Below are records to be repeated exactly. Leave their pictures behind.

*** Exercise inputs ***

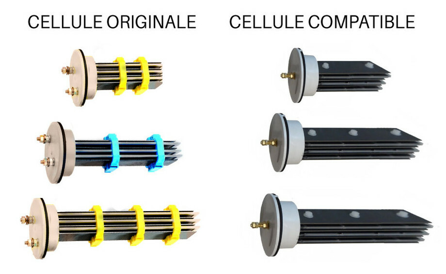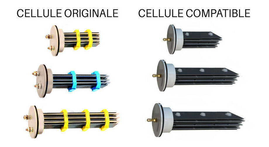 Cellules autonettoyantes à 7 ou 9 plaques, taux de sel 3 à 4.5 g/L.
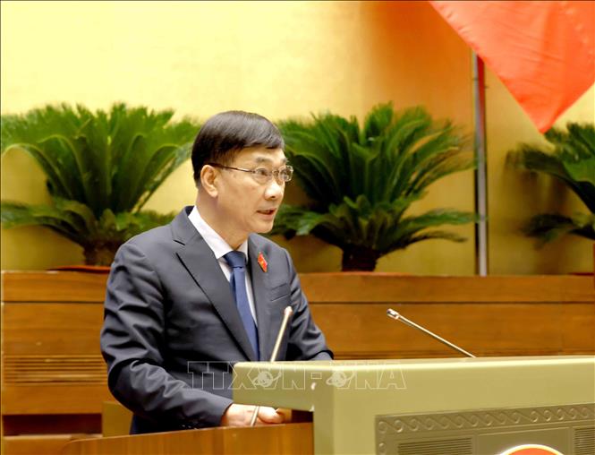 Chủ nhiệm Ủy ban Kinh tế của Quốc hội Vũ Hồng Thanh trình bày Báo cáo giải trình, tiếp thu, chỉnh lý dự thảo Luật Quy hoạch đô thị và nông thôn. Ảnh: Phương Hoa/TTXVN
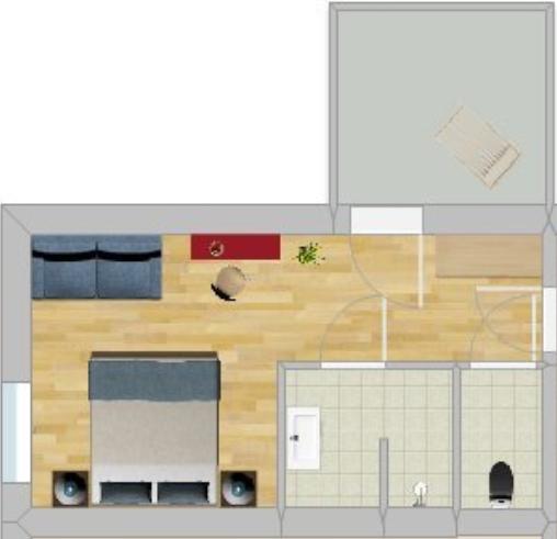 Das Zimmer befindet sich im 1. Stock und verfügt über ein Doppelbett, eine Sitzmöglichkeit, Fernseher, kostenlosem W-LAN sowie Badezimmer mit getrenntem WC.
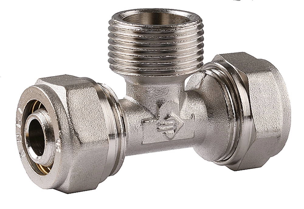 ПроизводителиТройник с наружной резьбой, цанга-штуцер, 1/2"х16х2,0 мм, никель (51404-16-1/2) ЗУБР
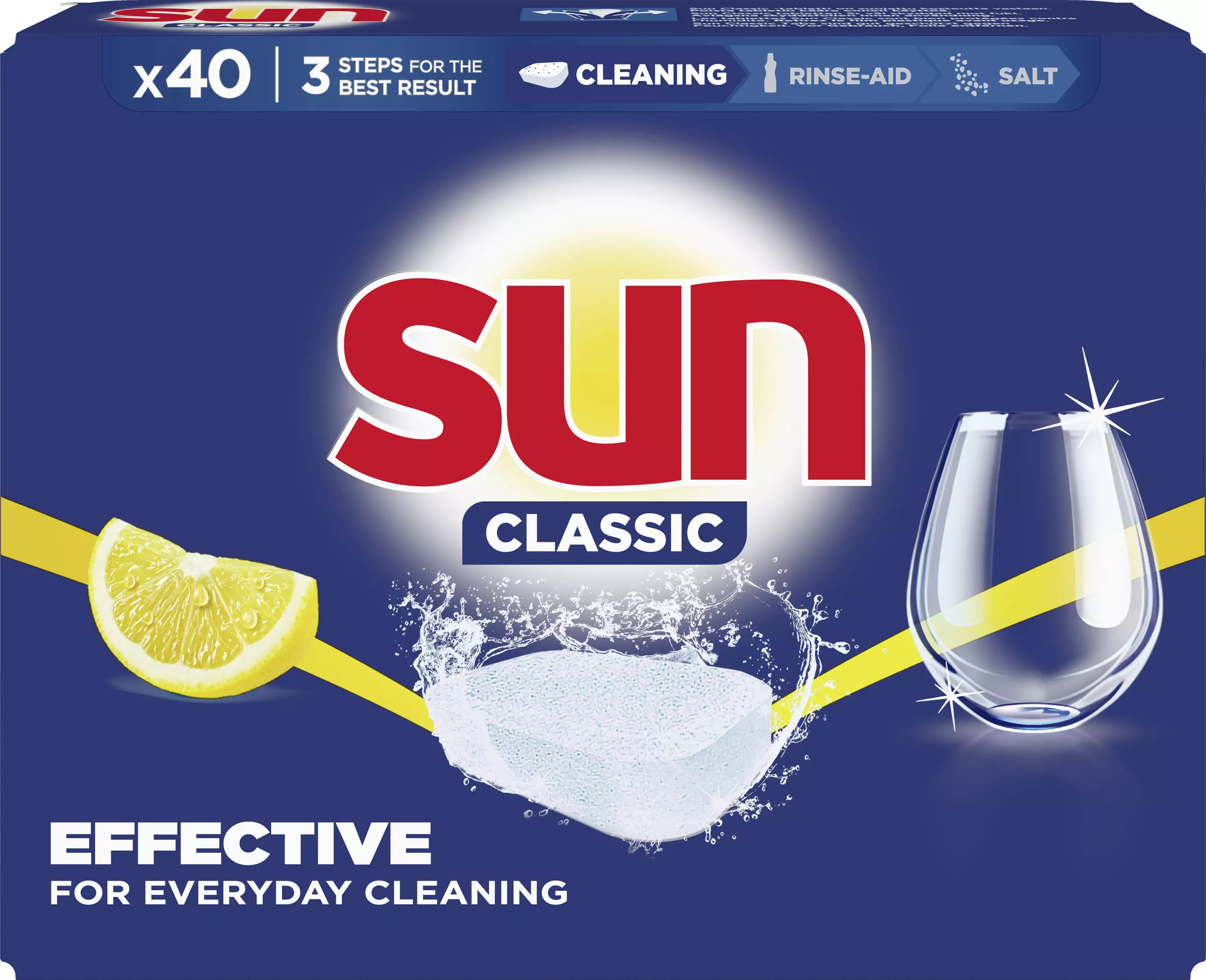 SUN Classic konetiskitabletit pesevät astiat hohtavan puhtaaksi jopa pikapesussa ja ilman esipesua. Täydelliseen lopputulokseen pääset käyttämällä yhdessä SUN huuhtelukirkasteen ja SUN astianpesukonesuolan kanssa.Sun elää innovaatiosta ja haluaa edistää kestävää elämäntapaa. Haluamme että tuotteemme ovat tehokkaita, mutta eivät rasita ympäristöä. Yli 50 vuoden ajan, vuodesta 1965 alkaen, Sun on kehittänyt tuotteitaan entistä paremmiksi, jotta ne toimivat moitteettomasti ja takaavat parhaan pesutuloksen myös alhaisissa pesulämpötiloissa ja lyhytohjelmissa. Näin sinä pystyt säästämään vettä ja energiaa. Innovatiivisten Sun-tuotteiden avulla pidät parempaa huolta astioistasi ja myös pesukoneestasi. Ei siis ole sattumaa, että Sun on tuotemerkki, johon ihmiset luottavat – niin Suomessa kuin maailmalla.
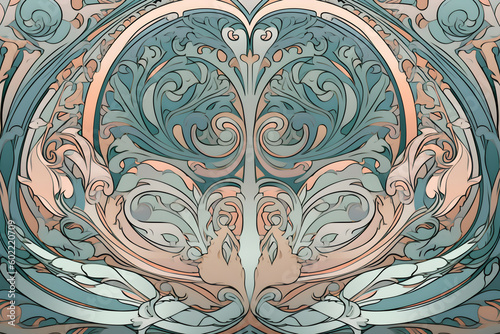 art nouveau floral reflected pastel background, Generative AI
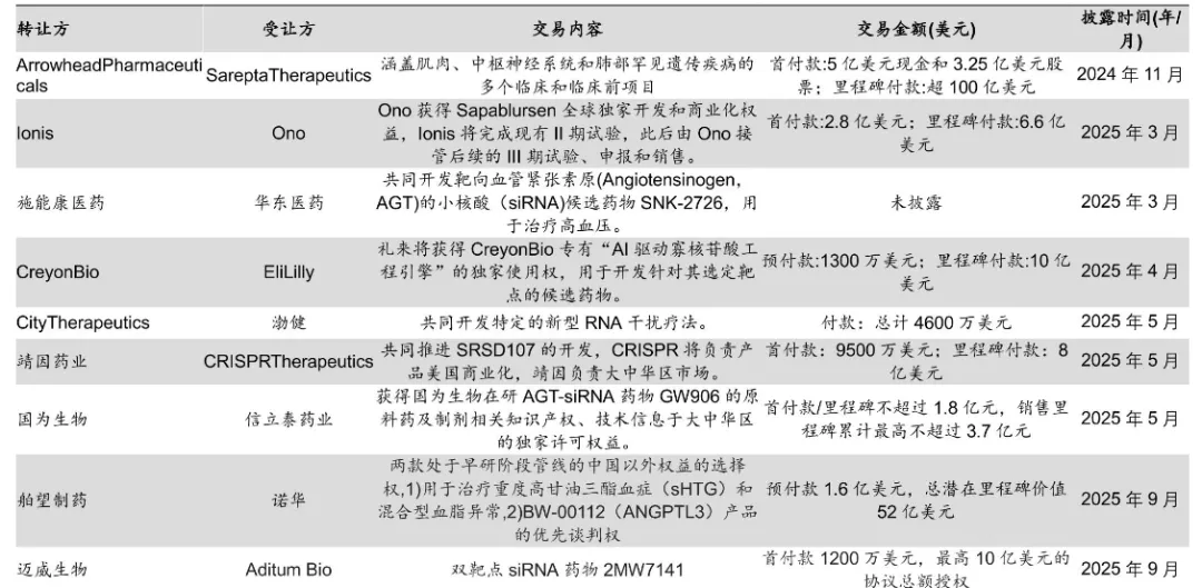 鉴于小核酸药物研发技术壁垒高、递送系统复杂的特性,MNC早期多以与三巨头合作为切入点,稳步积累行业经验;而随着全球市场规模持续扩容、赛道商业化潜力加速释放,MNC开始通过密集的BD交易疯狂加码,推动行业竞争格局加速重构。
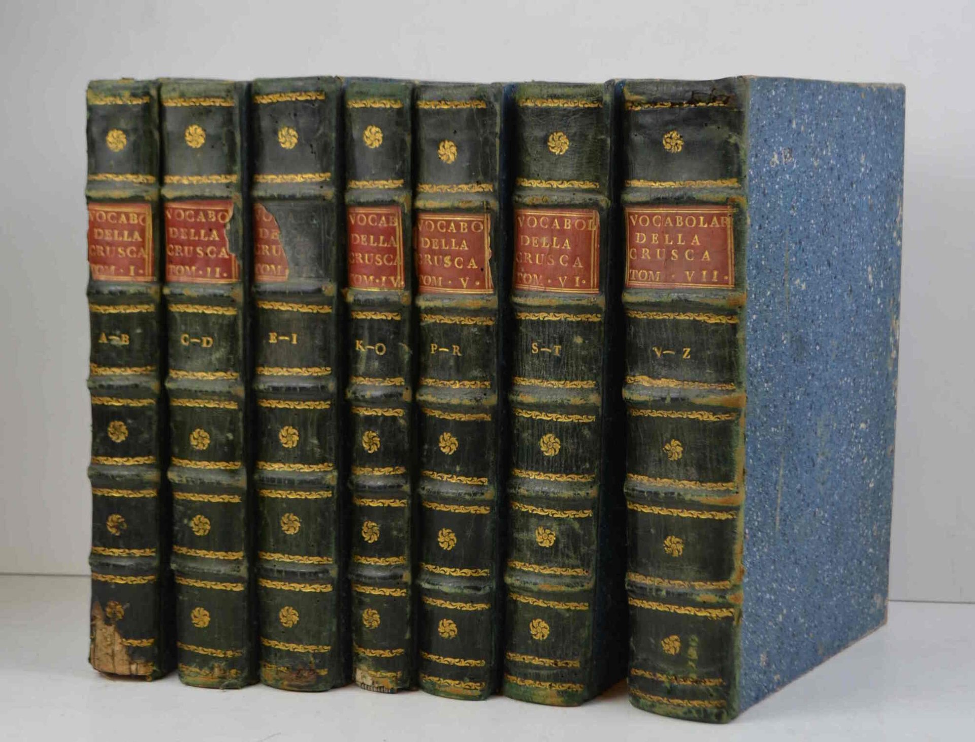 Sette volumi di cm. 28, pp. 3.000 ca. complessive. Marchio tipografico in xilografia a ciascun frontespizio. Solida ed elegante legatura coeva in mezza pelle, dorsi a nervi con fregi in oro e titoli su tasselli in marocchino rosso. Testo su tre colonne. Esemplare genuino e ben conservato on solo qualche segno d'uso ai dorsi ed una mancanza parziale ad un tassello. In fine al settimo ed ultimo volume sono presenti le seguenti appendici e testi: "Sopraggiunta di voci e modi di dire..."; Unito a: Indice delle voci, e locuzioni latine. Pp. 237. Unito a: Autori o libri d'autori del buon secolo. Libri di certo autore. Pp. 72; Unito a: BALDINUCCI F. Vocabolario toscano dell'arte del disegno... Verona, Ramazzini, 1806. Pp. viii, 85 (1). Unito a: PASTA ANDREA. Voci e maniere di dire e osservazioni di toscani scrittori e per la maggior parte del Redi... Verona, Ramazzini, 1806. Pp. ix (1) 165 (1).

***

■ Exercise output ■
 Cellules autonettoyantes à 7 ou 9 plaques, taux de sel 3 à 4.5 g/L.
 Chủ nhiệm Ủy ban Kinh tế của Quốc hội Vũ Hồng Thanh trình bày Báo cáo giải trình, tiếp thu, chỉnh lý dự thảo Luật Quy hoạch đô thị và nông thôn. Ảnh: Phương Hoa/TTXVN
 Das Zimmer befindet sich im 1. Stock und verfügt über ein Doppelbett, eine Sitzmöglichkeit, Fernseher, kostenlosem W-LAN sowie Badezimmer mit getrenntem WC.
 ПроизводителиТройник с наружной резьбой, цанга-штуцер, 1/2"х16х2,0 мм, никель (51404-16-1/2) ЗУБР
 SUN Classic konetiskitabletit pesevät astiat hohtavan puhtaaksi jopa pikapesussa ja ilman esipesua. Täydelliseen lopputulokseen pääset käyttämällä yhdessä SUN huuhtelukirkasteen ja SUN astianpesukonesuolan kanssa.Sun elää innovaatiosta ja haluaa edistää kestävää elämäntapaa. Haluamme että tuotteemme ovat tehokkaita, mutta eivät rasita ympäristöä. Yli 50 vuoden ajan, vuodesta 1965 alkaen, Sun on kehittänyt tuotteitaan entistä paremmiksi, jotta ne toimivat moitteettomasti ja takaavat parhaan pesutuloksen myös alhaisissa pesulämpötiloissa ja lyhytohjelmissa. Näin sinä pystyt säästämään vettä ja energiaa. Innovatiivisten Sun-tuotteiden avulla pidät parempaa huolta astioistasi ja myös pesukoneestasi. Ei siis ole sattumaa, että Sun on tuotemerkki, johon ihmiset luottavat – niin Suomessa kuin maailmalla.
 art nouveau floral reflected pastel background, Generative AI
 鉴于小核酸药物研发技术壁垒高、递送系统复杂的特性,MNC早期多以与三巨头合作为切入点,稳步积累行业经验;而随着全球市场规模持续扩容、赛道商业化潜力加速释放,MNC开始通过密集的BD交易疯狂加码,推动行业竞争格局加速重构。
 Sette volumi di cm. 28, pp. 3.000 ca. complessive. Marchio tipografico in xilografia a ciascun frontespizio. Solida ed elegante legatura coeva in mezza pelle, dorsi a nervi con fregi in oro e titoli su tasselli in marocchino rosso. Testo su tre colonne. Esemplare genuino e ben conservato on solo qualche segno d'uso ai dorsi ed una mancanza parziale ad un tassello. In fine al settimo ed ultimo volume sono presenti le seguenti appendici e testi: "Sopraggiunta di voci e modi di dire..."; Unito a: Indice delle voci, e locuzioni latine. Pp. 237. Unito a: Autori o libri d'autori del buon secolo. Libri di certo autore. Pp. 72; Unito a: BALDINUCCI F. Vocabolario toscano dell'arte del disegno... Verona, Ramazzini, 1806. Pp. viii, 85 (1). Unito a: PASTA ANDREA. Voci e maniere di dire e osservazioni di toscani scrittori e per la maggior parte del Redi... Verona, Ramazzini, 1806. Pp. ix (1) 165 (1).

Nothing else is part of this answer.